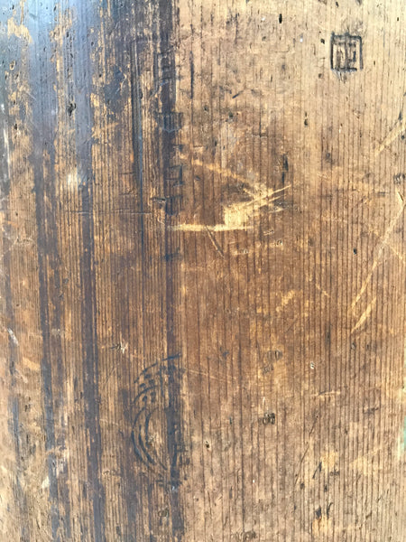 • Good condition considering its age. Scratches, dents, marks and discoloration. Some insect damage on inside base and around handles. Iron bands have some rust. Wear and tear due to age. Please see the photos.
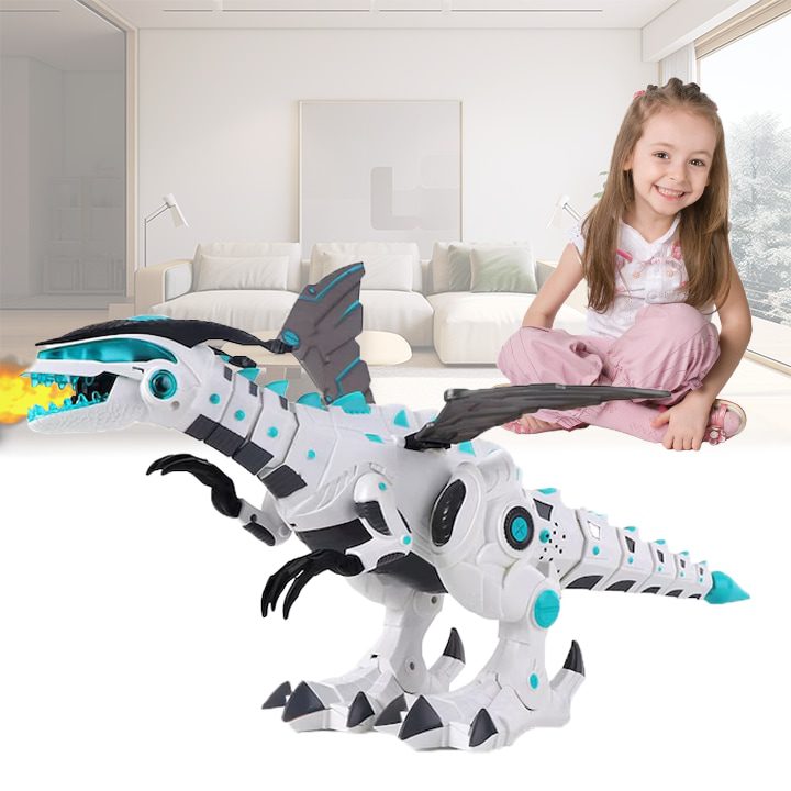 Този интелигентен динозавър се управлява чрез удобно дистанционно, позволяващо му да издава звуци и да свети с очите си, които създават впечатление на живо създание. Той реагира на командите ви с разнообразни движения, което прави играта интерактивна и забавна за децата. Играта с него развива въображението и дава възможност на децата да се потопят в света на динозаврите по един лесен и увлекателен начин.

##########

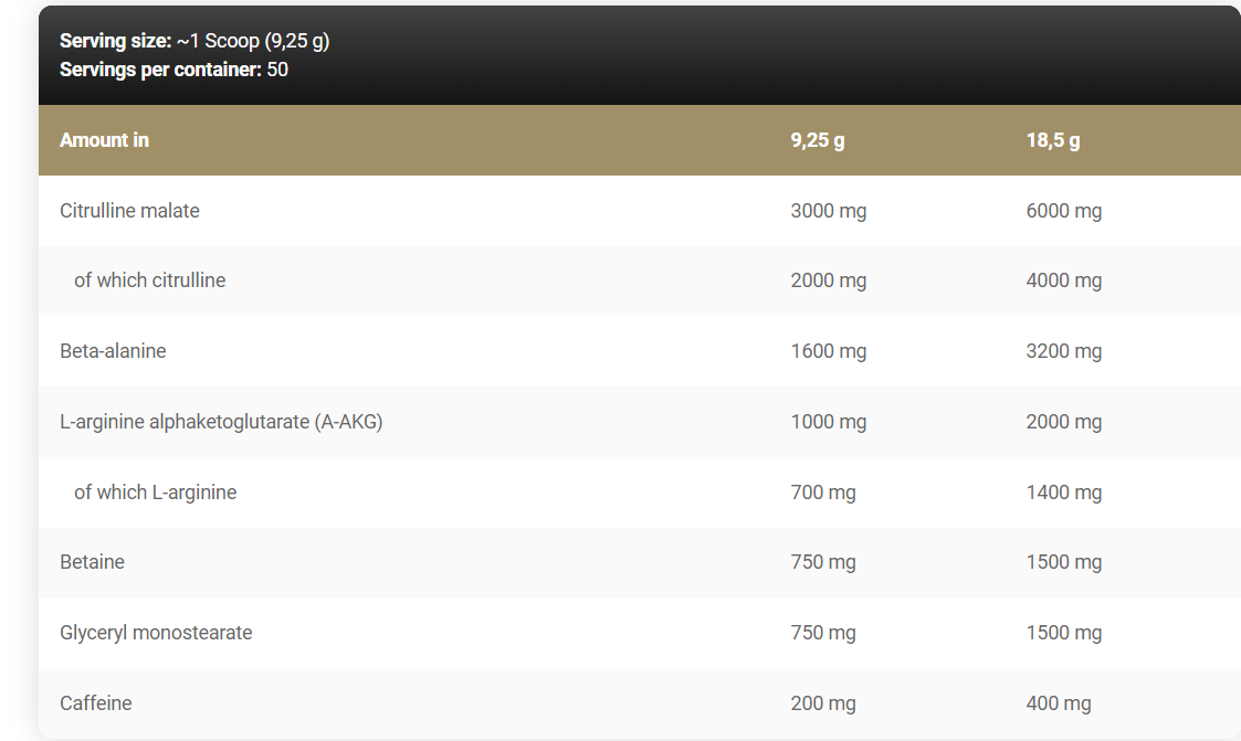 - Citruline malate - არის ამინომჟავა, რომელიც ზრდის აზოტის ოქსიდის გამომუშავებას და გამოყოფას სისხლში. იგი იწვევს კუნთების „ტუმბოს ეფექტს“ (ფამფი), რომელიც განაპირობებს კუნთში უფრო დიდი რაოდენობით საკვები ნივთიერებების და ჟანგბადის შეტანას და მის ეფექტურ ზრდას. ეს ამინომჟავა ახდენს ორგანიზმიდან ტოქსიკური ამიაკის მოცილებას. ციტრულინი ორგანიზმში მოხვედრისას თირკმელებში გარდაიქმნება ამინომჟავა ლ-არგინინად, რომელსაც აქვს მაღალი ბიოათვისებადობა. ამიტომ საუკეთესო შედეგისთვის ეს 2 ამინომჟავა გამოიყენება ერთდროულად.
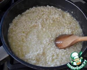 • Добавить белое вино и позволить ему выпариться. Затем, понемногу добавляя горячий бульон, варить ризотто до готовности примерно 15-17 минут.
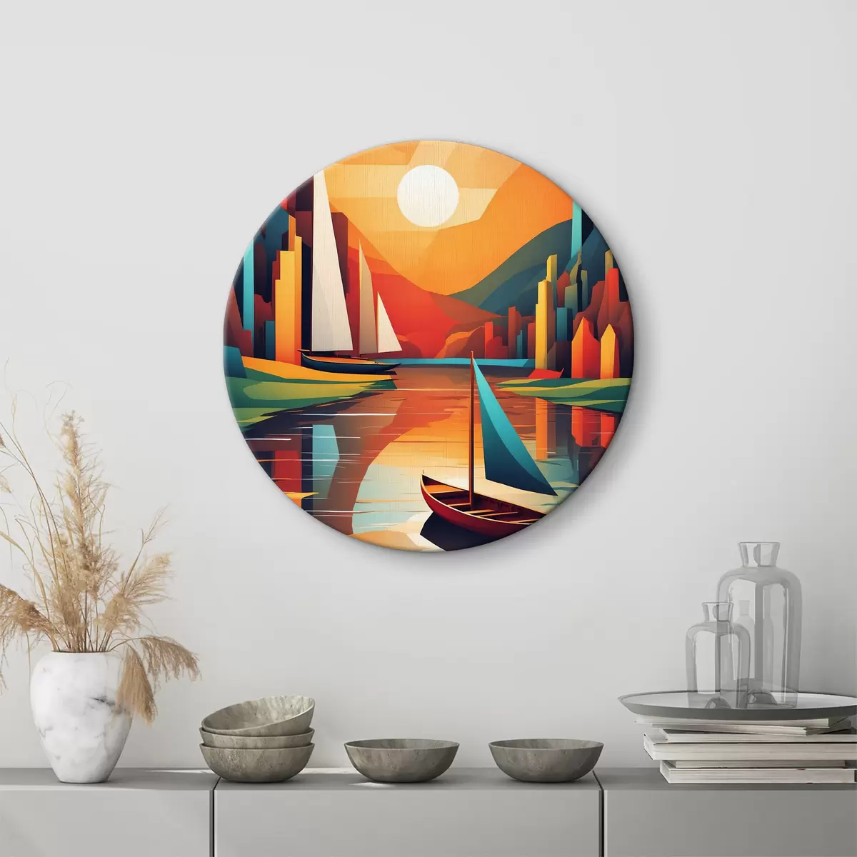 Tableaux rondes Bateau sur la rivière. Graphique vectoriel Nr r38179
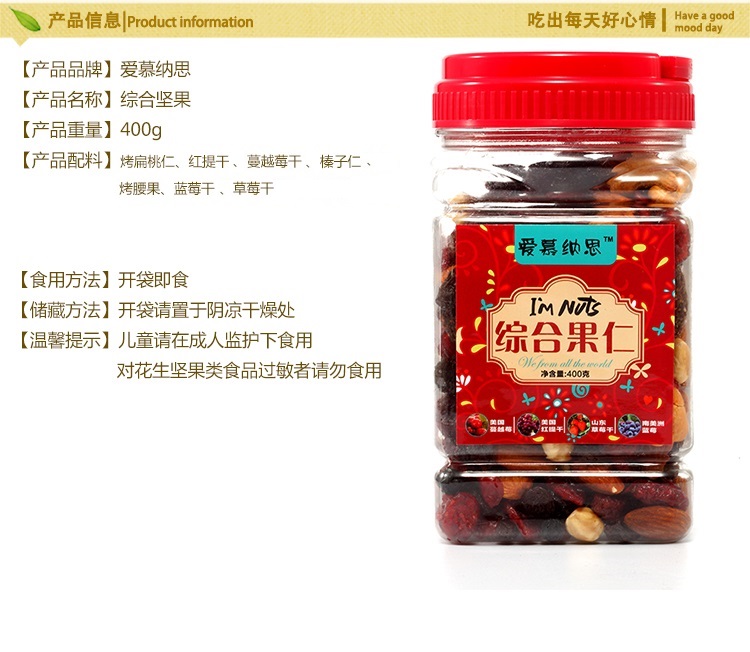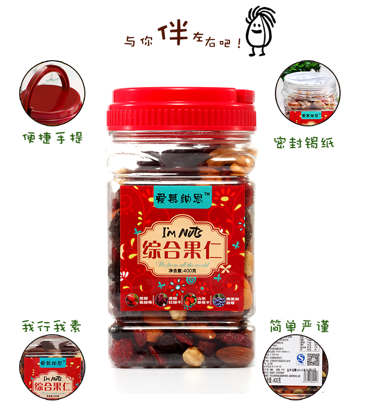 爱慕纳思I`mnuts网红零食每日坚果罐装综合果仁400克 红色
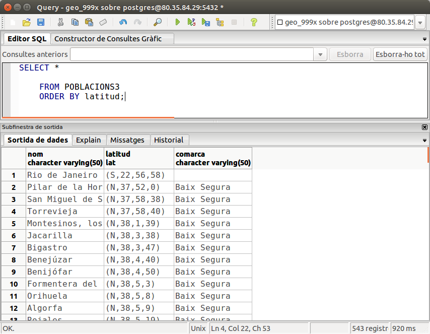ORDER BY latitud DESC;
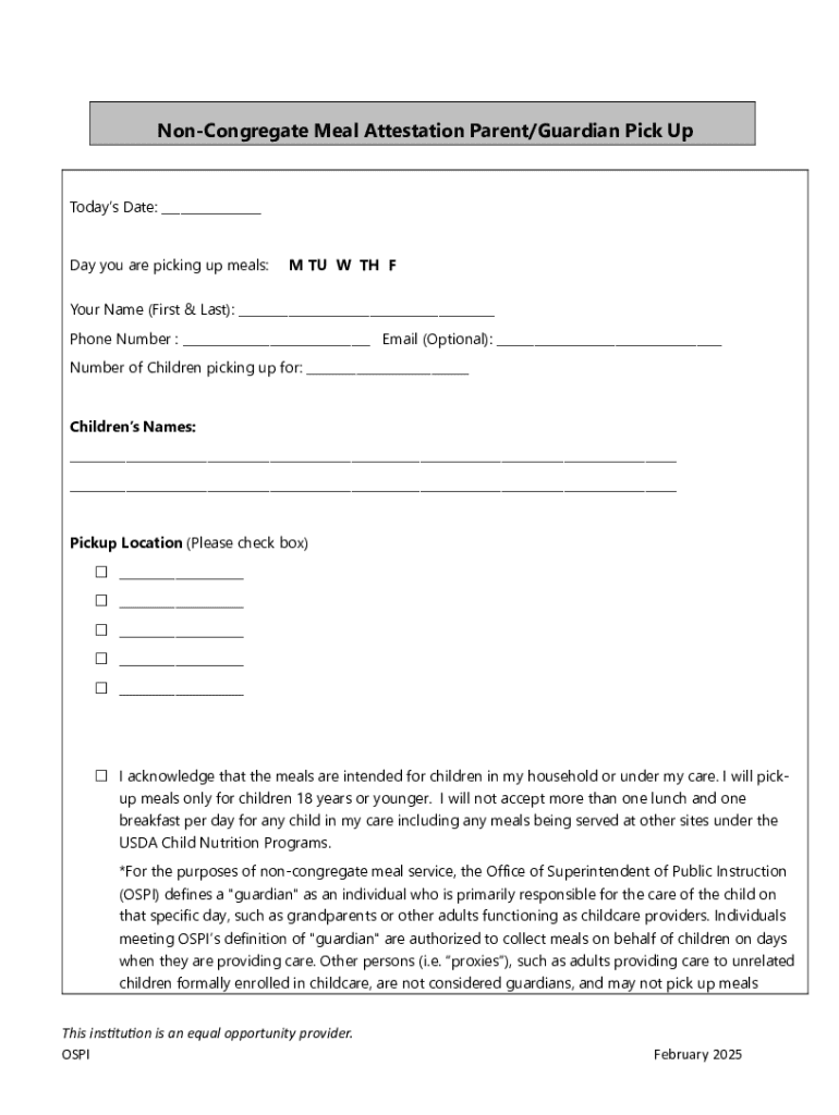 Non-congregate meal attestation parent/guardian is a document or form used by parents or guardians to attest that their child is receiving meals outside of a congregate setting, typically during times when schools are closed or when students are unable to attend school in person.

##########

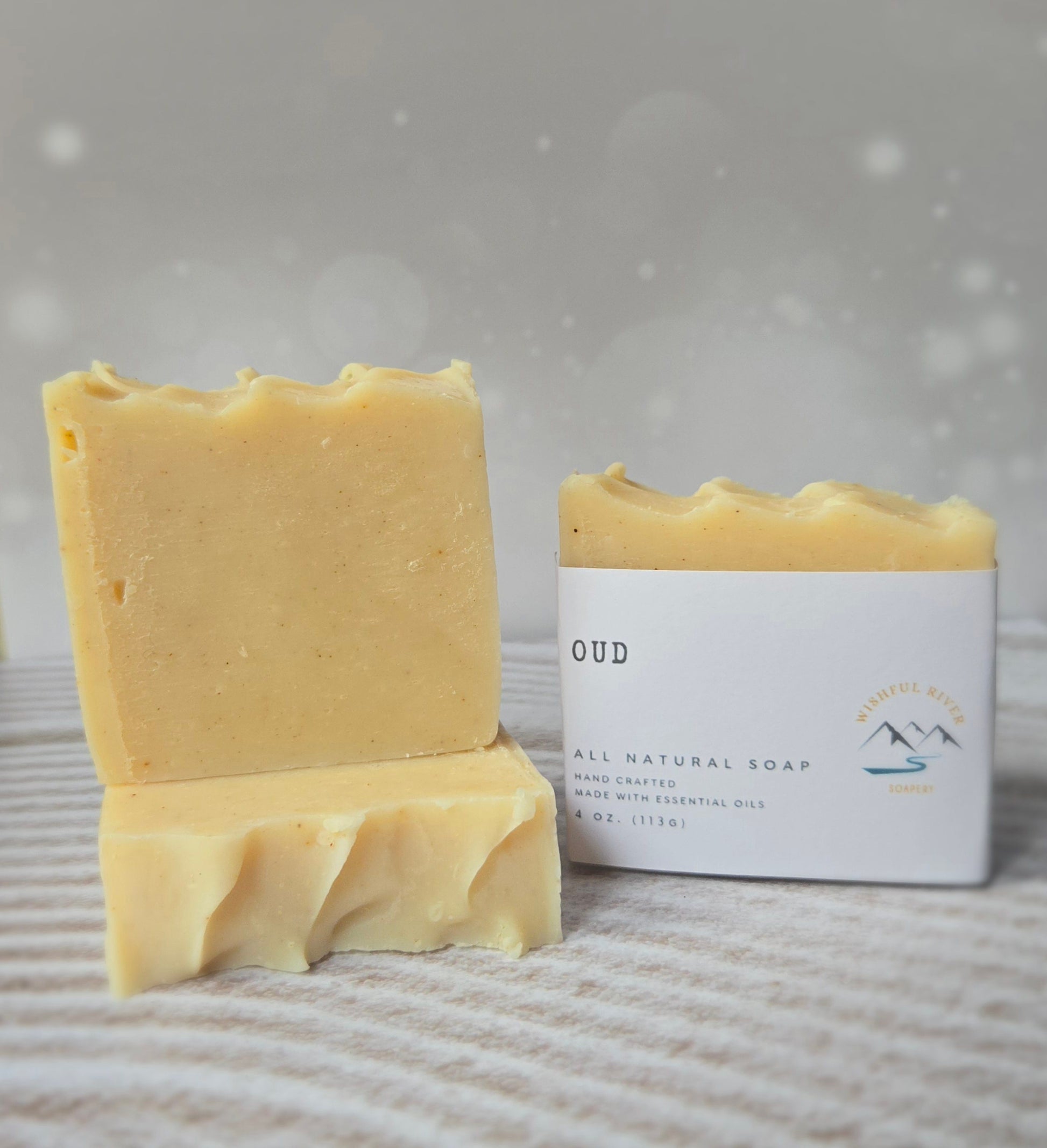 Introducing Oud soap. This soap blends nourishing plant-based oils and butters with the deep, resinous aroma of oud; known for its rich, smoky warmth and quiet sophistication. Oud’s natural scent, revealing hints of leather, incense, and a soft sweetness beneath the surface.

##########

From the line containing "see the photos." through the line containing "Този интелигентен динозавър", copy every line above exactly, without pictures.

--- Result ---
 • Good condition considering its age. Scratches, dents, marks and discoloration. Some insect damage on inside base and around handles. Iron bands have some rust. Wear and tear due to age. Please see the photos.
 Този интелигентен динозавър се управлява чрез удобно дистанционно, позволяващо му да издава звуци и да свети с очите си, които създават впечатление на живо създание. Той реагира на командите ви с разнообразни движения, което прави играта интерактивна и забавна за децата. Играта с него развива въображението и дава възможност на децата да се потопят в света на динозаврите по един лесен и увлекателен начин.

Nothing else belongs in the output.